Metadata-Version: 2.1
Name: captureflow-agent
Version: 0.0.7
Summary: Data collector to unleash LLM power
Author-email: Nikita Kuts <me@nikitakuts.com>
Project-URL: homepage, https://captureflow.dev/
Project-URL: repository, https://github.com/CaptureFlow/captureflow-py
Classifier: Programming Language :: Python :: 3.11
Description-Content-Type: text/markdown
Requires-Dist: certifi >=2024.2.2
Requires-Dist: charset-normalizer >=3.3.2
Requires-Dist: idna >=3.6
Requires-Dist: requests >=2.31.0
Requires-Dist: urllib3 >=2.2.1

# CaptureFlow Tracer

## Overview

The CaptureFlow Tracer is a Python package crafted for in-depth tracing of function calls within Python applications. Its primary function is to capture and relay execution data to the CaptureFlow server-side system for decision making.

## Performance Considerations

The current implementation of the Tracer module utilizes the `sys.settrace` module ([Python Doc](https://docs.python.org/3/library/sys.html#sys.settrace)), leading to two outcomes:

- **Detailed Logging**: Captures verbose logs with debugger-level insight into method calls, variable states, and more.
- **Performance Impact**: The logging method significantly affects application performance.

## Building and Testing Locally

To begin, ensure you have Python 3.8+, `venv`, and the `requirements-dev.txt` installed.

Explore the `clientside/examples` directory for sample applications suitable for testing. For local package building with source code, each folder contains an `./install_package.sh` script. After building, run a local server and cURL some endpoints to simulate a real-life workflow.
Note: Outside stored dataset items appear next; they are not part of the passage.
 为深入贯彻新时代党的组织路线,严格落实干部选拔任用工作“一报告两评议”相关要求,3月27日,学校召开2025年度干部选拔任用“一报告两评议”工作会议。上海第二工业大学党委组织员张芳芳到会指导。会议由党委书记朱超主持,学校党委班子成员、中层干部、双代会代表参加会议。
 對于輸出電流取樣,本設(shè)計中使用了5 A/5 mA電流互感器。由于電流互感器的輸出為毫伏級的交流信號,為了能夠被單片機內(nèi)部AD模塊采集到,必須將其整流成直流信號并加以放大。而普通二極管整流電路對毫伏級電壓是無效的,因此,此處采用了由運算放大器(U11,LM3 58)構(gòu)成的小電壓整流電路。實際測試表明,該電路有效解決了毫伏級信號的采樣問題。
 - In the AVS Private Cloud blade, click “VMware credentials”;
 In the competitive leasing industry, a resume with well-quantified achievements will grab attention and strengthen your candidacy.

If the environment variable `CAPTUREFLOW_DEV_SERVER` is set to `"true"`, trace JSON objects will be dumped locally for further inspection. Additionally, running the `serverside` Docker container allows you to observe trace data ingestion in real-time.
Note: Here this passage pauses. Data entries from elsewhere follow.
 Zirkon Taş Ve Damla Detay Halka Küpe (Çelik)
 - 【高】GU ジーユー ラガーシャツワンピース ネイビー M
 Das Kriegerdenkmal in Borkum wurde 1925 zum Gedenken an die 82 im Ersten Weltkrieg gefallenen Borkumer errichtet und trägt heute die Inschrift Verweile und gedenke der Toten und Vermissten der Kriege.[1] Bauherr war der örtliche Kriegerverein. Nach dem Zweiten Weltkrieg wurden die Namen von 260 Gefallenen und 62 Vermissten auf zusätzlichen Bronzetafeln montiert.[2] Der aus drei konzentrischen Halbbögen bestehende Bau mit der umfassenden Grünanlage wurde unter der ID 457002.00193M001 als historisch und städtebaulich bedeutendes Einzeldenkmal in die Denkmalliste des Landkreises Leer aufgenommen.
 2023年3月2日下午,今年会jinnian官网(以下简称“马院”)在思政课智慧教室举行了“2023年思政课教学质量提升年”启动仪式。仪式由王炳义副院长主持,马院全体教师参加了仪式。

For an **example of the data structure** captured by the tracer, you can check [sample_trace_with_exception.json](https://github.com/CaptureFlow/captureflow-py/blob/main/serverside/tests/assets/sample_trace_with_exception.json).
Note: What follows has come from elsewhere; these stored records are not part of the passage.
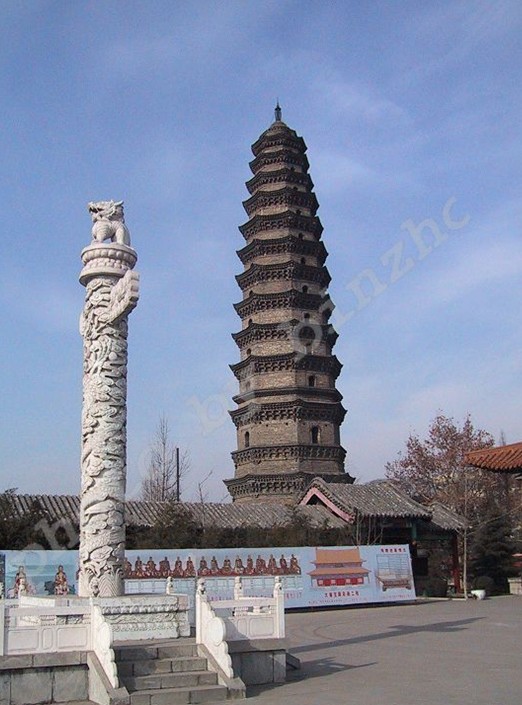 七寶塔在山西平順縣城西北23公里大云寺前。周顯德元年(公元 954年)建。通體用堅硬青石雕造。原為七層,現(xiàn)存五層,高為六米。下三層平面八角形。第一層雕寶裝蓮花、獅子、麒麟、飛馬等。第二層雕伎樂人,體態(tài)輕盈,舞姿優(yōu)美,伴奏者栩栩如生。第三層轉(zhuǎn)角處雕絞龍柱,回旋盤繞。塔檐下飛鳳、飛仙、共命鳥等變化多姿。
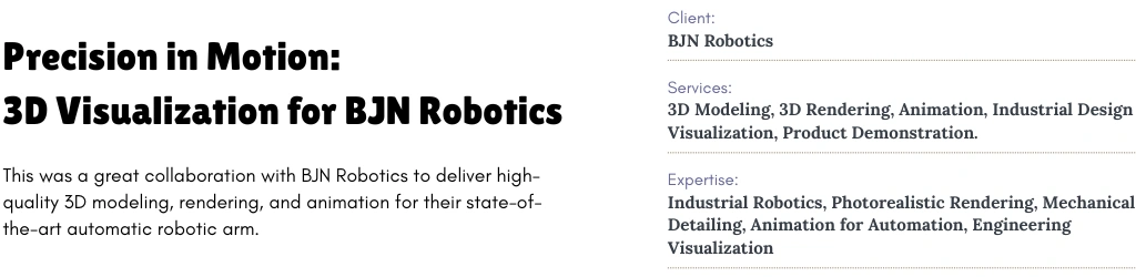 This advanced industrial robot combines precision engineering with innovative technology to streamline automation processes. Abir meticulously designed the 3D model to reflect the technical details and functional features of the robotic arm, ensuring every element was visually accurate and true to the brand’s vision. The rendering showcased a vibrant and professional environment that highlighted the arm’s modern design and engineering excellence. Additionally, an immersive animation was created to demonstrate the robotic arm’s capabilities, motion range, and operational efficiency.
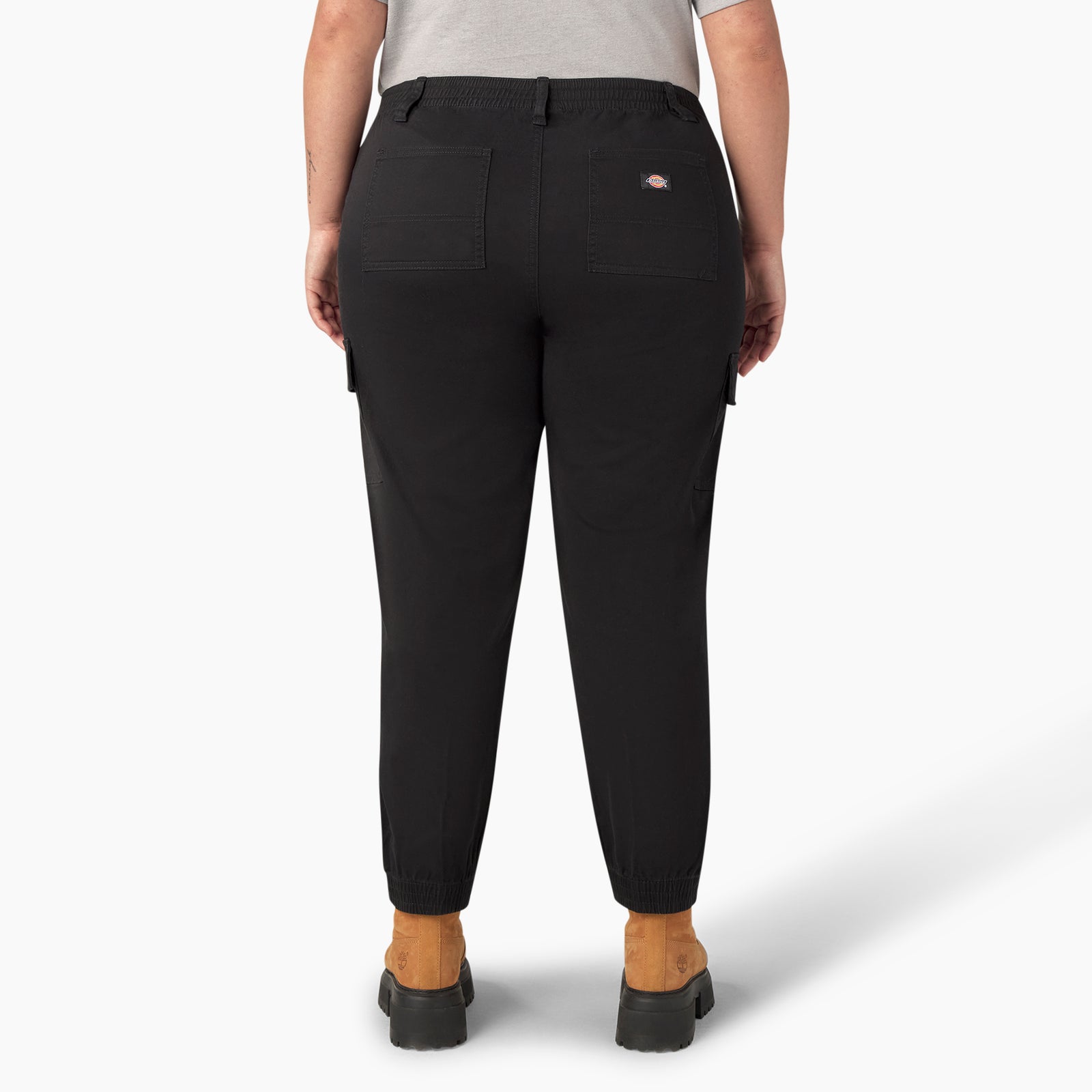 The Dickies Women's Plus High Rise Fit Cargo Jogger Pants have a proper jogger fit, tapering at the ankle, along with plenty of practical pocketing. Elastic along the back waist provides a comfortable custom fit for easy all-day wearability and straightforward styling that works all year round. This simple style has a tack button closure and dual front slash pockets. The high-rise, flat-front cargo pants also feature rear patch pockets and functional dual-side cargo pockets. These pants are good for both the workplace and the weekend.

## Roadmap for Optimization

We need to balancing trace detail with performance, planning enhancements for the Tracer's efficiency:

#### Short-Term Objectives

- **Selective Tracing**: Implement a "verbosity" parameter for targeted tracing, focusing on relevant trace events. For example, we need to "sample" a representative subset of requests instead of capturing all of them.
- **Framework Integration and Middleware Enhancements**:
  - Research if it's feasible to develop middleware/patching for popular frameworks to ship data of similar detalization.
  - Explore integration with tracing standards like OpenTelemetry for better application monitoring.

#### Long-Term Objectives

- **Performance vs. Data Utility for CodeGen**: Focus on collecting essential data for high-quality server-side improvements. We're pinpointing the specific data subset required to minimize performance disruption while maximizing optimization quality.